As one example, the augmentation engine can generate parameters of a probability distribution over possible representations, i.e., over the internal representation space, by processing the internal representation in accordance with the augmentation parameters. As a particular example, the probability distribution can be a Gaussian mixture model and the parameters can be the mean and the covariances of the Gaussian mixture model.

For example, the engine can implement an estimation neural network, e.g., one that includes one or more fully-connected layers, that is configured to process the internal representation to generate the parameters.

The engine can then generate the augmented representations by sampling the determined number of representations from the probability distribution.

In these examples, the augmentation parameters are parameters of the estimation neural network.

As another example, the augmentation engine can implement a variational autoencoder neural network (VAE). The VAE includes an encoder neural network that processes the internal representation to generate parameters of a probability distribution over possible latent representations, i.e., over a space of latent representations that has the same dimensionality as the internal representations or a different dimensionality. The VAE also includes a decoder neural network that processes a latent representation to generate as output a representation from the internal representation space.

In this example, the engine can process the internal representation using the encoder of the VAE to generate the parameters of the probability distribution over possible latent representations. The engine can then sample the determined number of latent representations from the probability distribution and then process each sampled representation using the decoder of the VAE to generate a respective augmented representation for each sampled latent representation.

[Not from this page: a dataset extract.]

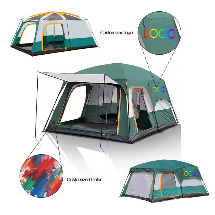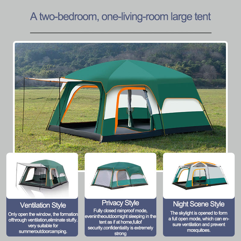 เต็นท์อ็อกซ์ฟอร์ดขนาดใหญ่สองห้องนอน สำหรับครอบครัว กลุ่มท่องเที่ยว กันน้ำได้ 1000-1500 มม. ใช้งานได้ทุกฤดู แบบสองชั้น ใช้งานได้จริง
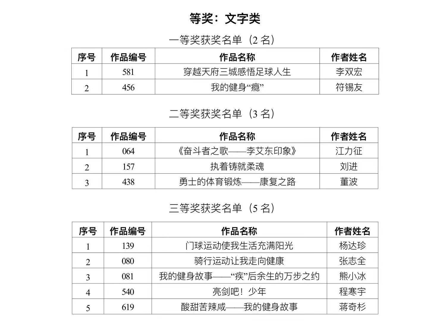 8月8日,经过初评、大众点赞评审和专家评审,由四川省体育局主办,四川日报全媒体体育工作室协办的2022年四川省全民健身“我的健身故事”有奖征集活动获奖名单正式出炉。

In these examples, the augmentation parameters are the parameters of the encoder and the decoder of the VAE.

The system processes each augmented representation using the neural network head of the neural network to generate respective initial classification outputs for each of the augmented representations (step 308). Optionally, the system also processes the internal representation using the neural network head of the neural network to generate a respective initial classification output for the internal representation. In some implementations, the system processes the augmented representations (and, when done, the initial representation) using the neural network head in parallel to generate the respective initial classification outputs. That is, because the augmented representations and the initial representation are processed through the head independently of one another, the system can leverage this independence to process the augmented representations and, optionally, the initial representation in parallel on the device(s) on which the neural network is deployed.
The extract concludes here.